- [Data under study]:
+===+

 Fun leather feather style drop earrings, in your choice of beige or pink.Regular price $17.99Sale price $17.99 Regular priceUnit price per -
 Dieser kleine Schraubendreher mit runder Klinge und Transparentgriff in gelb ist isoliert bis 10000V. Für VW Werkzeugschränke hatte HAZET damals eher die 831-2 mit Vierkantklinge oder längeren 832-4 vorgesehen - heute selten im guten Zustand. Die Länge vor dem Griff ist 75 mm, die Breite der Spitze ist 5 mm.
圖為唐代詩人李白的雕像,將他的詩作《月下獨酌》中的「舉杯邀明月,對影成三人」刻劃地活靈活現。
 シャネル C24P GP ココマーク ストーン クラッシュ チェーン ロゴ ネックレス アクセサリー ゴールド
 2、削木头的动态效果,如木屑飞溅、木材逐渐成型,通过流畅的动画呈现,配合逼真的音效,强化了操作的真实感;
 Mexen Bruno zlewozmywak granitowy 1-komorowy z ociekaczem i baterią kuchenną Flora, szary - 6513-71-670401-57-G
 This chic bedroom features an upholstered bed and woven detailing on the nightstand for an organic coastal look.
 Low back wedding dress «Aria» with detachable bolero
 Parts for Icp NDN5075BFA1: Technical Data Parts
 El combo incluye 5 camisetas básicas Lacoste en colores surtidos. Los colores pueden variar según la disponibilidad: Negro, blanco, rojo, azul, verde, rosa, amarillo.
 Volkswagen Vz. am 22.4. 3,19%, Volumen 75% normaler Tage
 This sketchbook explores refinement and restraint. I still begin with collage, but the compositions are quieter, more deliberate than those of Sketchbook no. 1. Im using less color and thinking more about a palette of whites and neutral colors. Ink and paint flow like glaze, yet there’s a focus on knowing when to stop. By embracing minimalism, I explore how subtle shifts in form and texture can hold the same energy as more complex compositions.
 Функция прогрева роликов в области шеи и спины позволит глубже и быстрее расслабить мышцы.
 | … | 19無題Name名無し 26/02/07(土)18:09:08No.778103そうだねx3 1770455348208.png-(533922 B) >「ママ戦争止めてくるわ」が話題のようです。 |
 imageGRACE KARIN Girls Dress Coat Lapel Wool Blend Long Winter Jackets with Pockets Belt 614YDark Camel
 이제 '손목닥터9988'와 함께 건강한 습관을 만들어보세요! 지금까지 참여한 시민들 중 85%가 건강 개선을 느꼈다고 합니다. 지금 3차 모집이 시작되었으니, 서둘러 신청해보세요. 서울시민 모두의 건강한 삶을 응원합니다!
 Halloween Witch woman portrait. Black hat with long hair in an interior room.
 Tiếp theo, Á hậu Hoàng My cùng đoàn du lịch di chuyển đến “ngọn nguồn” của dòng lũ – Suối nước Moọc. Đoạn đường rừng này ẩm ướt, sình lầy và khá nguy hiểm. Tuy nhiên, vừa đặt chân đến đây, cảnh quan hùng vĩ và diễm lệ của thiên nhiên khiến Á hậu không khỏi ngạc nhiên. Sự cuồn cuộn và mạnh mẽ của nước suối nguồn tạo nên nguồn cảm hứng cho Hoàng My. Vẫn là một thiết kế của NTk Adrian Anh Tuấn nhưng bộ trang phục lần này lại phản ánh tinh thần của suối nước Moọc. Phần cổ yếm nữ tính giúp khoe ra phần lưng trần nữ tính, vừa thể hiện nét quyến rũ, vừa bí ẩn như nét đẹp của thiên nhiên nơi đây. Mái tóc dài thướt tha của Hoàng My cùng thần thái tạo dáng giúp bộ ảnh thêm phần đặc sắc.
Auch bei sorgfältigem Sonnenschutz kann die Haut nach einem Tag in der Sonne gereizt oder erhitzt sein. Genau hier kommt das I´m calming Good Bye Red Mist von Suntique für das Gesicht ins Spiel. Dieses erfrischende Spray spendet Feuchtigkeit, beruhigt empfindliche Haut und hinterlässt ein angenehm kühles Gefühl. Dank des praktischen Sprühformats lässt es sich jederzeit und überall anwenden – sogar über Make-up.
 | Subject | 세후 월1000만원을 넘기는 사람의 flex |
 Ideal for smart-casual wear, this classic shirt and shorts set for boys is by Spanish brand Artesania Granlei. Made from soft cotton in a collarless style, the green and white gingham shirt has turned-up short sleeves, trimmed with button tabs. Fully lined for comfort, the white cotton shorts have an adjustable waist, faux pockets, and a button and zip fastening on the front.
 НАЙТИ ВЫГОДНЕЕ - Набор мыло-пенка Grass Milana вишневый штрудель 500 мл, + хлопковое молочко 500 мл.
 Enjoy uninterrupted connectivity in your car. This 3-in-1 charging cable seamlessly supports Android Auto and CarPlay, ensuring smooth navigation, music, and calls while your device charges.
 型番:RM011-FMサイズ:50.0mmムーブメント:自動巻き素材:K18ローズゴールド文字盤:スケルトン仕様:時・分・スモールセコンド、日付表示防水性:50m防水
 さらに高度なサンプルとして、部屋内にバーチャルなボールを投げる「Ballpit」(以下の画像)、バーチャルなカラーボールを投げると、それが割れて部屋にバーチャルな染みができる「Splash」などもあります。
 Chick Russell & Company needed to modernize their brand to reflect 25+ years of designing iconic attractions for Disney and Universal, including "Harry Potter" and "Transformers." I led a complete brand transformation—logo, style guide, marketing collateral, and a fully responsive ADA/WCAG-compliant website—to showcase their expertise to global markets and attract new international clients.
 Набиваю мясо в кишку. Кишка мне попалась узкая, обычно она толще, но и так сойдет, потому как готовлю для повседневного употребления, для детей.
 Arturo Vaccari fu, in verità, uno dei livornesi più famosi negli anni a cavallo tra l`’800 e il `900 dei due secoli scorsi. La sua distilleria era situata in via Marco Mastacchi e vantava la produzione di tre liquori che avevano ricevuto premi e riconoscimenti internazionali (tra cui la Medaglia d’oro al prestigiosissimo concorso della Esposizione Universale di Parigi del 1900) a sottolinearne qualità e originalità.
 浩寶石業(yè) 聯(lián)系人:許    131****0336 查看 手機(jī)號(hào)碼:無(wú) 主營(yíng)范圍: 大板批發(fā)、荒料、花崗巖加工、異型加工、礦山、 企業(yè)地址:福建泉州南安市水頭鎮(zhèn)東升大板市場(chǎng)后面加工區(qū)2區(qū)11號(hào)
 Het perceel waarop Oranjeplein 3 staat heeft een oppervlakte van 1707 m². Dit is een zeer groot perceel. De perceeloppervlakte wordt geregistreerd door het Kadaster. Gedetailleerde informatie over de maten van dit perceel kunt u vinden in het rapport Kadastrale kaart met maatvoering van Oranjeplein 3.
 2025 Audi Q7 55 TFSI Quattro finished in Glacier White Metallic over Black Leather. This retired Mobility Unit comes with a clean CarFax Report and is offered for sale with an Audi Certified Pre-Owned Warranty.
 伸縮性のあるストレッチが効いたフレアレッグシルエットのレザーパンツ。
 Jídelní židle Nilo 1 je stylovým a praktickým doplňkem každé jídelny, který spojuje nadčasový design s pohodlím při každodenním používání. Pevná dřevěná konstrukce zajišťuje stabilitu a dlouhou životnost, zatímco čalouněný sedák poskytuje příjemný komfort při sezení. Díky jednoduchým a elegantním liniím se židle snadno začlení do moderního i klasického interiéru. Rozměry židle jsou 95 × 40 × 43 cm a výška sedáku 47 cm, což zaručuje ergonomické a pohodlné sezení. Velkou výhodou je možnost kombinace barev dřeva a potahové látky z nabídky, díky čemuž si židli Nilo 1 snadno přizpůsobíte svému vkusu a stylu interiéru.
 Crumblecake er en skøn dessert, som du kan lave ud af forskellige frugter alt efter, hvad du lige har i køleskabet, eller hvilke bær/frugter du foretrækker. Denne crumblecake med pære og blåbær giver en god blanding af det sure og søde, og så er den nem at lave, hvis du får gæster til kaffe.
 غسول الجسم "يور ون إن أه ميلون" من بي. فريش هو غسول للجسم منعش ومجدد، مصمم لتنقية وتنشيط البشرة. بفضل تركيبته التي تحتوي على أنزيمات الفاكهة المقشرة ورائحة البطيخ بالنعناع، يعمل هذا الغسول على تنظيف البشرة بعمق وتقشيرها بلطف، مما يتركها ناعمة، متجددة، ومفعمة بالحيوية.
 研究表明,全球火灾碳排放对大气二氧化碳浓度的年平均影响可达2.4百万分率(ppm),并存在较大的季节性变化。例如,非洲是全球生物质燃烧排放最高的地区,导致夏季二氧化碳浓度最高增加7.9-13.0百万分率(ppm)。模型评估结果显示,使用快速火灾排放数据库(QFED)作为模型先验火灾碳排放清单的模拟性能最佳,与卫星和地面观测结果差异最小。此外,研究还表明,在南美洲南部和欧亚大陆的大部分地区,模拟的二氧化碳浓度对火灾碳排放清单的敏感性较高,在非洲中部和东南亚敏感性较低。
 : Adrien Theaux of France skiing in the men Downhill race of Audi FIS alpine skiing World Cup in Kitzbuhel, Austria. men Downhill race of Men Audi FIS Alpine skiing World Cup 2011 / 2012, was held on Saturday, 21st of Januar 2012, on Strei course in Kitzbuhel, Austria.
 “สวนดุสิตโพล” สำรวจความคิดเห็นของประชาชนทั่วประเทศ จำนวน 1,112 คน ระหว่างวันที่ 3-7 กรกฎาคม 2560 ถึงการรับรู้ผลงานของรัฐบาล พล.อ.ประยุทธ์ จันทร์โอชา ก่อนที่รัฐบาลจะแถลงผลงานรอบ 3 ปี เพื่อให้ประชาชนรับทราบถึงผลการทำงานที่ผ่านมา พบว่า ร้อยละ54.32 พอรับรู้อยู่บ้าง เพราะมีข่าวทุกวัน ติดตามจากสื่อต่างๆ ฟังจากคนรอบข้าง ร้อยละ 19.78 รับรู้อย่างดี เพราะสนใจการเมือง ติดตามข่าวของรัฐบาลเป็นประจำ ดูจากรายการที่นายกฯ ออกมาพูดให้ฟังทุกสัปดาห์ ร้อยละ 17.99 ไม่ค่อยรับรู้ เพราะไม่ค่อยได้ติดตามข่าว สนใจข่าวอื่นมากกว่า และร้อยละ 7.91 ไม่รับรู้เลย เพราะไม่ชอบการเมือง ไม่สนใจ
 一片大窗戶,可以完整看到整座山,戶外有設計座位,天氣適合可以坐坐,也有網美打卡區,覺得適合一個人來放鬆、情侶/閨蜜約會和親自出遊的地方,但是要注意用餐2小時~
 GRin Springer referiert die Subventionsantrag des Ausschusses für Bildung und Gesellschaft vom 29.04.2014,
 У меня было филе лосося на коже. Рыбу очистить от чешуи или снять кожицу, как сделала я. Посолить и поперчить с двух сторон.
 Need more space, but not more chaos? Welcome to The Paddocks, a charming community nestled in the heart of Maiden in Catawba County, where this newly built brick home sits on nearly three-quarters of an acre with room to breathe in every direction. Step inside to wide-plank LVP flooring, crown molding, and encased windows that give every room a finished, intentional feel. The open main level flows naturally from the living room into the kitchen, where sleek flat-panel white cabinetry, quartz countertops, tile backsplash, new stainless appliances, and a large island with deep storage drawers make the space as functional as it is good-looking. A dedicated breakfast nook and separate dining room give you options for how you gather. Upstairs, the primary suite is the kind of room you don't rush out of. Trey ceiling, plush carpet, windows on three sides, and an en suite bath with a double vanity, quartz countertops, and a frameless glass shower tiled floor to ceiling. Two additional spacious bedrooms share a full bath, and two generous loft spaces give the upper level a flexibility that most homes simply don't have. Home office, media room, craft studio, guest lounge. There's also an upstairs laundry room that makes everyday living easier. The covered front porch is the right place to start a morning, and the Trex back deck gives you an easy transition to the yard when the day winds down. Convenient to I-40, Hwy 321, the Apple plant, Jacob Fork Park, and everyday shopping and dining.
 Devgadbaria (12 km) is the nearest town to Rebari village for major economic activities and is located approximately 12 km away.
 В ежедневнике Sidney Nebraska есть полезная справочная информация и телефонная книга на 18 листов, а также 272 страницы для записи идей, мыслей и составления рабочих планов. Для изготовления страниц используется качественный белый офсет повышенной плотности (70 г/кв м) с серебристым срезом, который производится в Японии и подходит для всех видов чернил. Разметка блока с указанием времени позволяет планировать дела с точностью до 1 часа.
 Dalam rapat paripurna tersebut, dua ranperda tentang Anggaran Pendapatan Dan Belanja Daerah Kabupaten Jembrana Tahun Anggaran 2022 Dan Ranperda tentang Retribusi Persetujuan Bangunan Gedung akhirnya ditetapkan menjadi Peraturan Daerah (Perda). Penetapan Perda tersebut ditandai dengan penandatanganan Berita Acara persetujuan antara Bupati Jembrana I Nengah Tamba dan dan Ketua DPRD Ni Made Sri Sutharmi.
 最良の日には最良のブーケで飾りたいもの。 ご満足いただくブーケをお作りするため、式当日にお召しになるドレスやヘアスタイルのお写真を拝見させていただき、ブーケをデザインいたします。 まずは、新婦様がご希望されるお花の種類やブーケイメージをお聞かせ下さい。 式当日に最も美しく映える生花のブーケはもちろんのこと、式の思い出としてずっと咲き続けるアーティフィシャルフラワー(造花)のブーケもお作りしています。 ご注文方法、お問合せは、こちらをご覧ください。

+===+

- [Instructions for the task]: The word "your" appears in how many lines of the records? Give the number only.

- [Completed exercise]: 2